Welcome to the 5th session of the LLM tutorial!

Congratulations! Through the previous sessions, you've learned how to use LLMs to generate text in various creative and effective ways (e.g., using prompts, RAG, etc.).

In the final two sessions, we will focus on the evaluation of LLMs, exploring how to evaluate models efficiently and effectively.

The goal of **this session** is to learn how to use common automatic metrics to assess the performance of LLMs.

## 5.1 Introduction to Automatic Evaluation Metric

**Automatic metrics** are automated standards for evaluating the performance of NLP models **without requiring human intervention** during the evaluation process.

Based on different categorization methods, these metrics can be grouped into the following categories:
- **Reference-based** vs. **Reference-free**:
    - **Reference-based metrics** (e.g., BLEU, TER) compare the generated text against reference texts to assess similarity.
    - **Reference-free metrics** evaluate the generated text directly, without requiring reference texts.

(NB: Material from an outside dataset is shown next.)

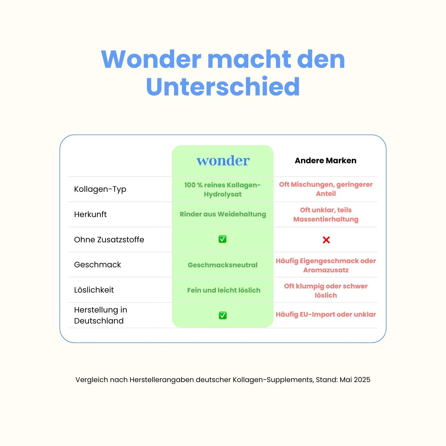 Vergleich nach Herstellerangaben deutscher Kollagen-Supplements, Stand: Mai 2025
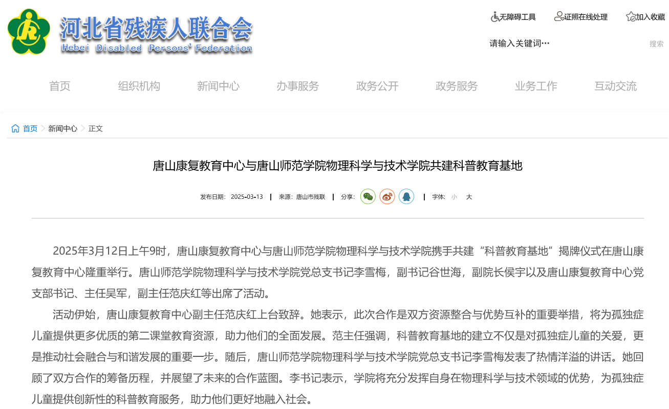 2025年3月12日上午9时,唐山康复教育中心与beat365在线唯一官网物理科学与技术学院携手共建“科普教育基地”揭牌仪式在唐山康复教育中心隆重举行。

These can focus on:
        - **Fluency and linguistic quality** (e.g., Perplexity), which measures how well the generated text aligns with the statistical patterns of a language model's training data.
        - **Input alignment** (e.g., tasks like entailment detection or faithfulness metrics), which directly evaluate the relationship between the input and output without comparing to reference texts.
- **Design structure (Pattern-matched vs. Semantics-based)**:
    - **Pattern-matched metrics** assess surface-level overlap between generated and reference texts, such as n-gram matches (e.g. BLEU, ROUGE)
    - **Semantics-based metrics** evaluate the semantic similarity of the texts, focusing on meaning rather than exact word matching (e.g., BERTScore).
- **Task-specific metrics**:
    - These are tailored for specific NLP tasks, such as BLEU for machine translation, ROUGE for text summarization, and Accuracy for classification/retrieval problem.

It's important to emphasize that **there is no perfect metric**—each has its limitations. Therefore, it is crucial to select metrics based on the specific requirements and goals of your task.

In this session, we will explore how to use different metrics with Huggingface Evaluate Library to evaluate a machine translation model (EN-FR).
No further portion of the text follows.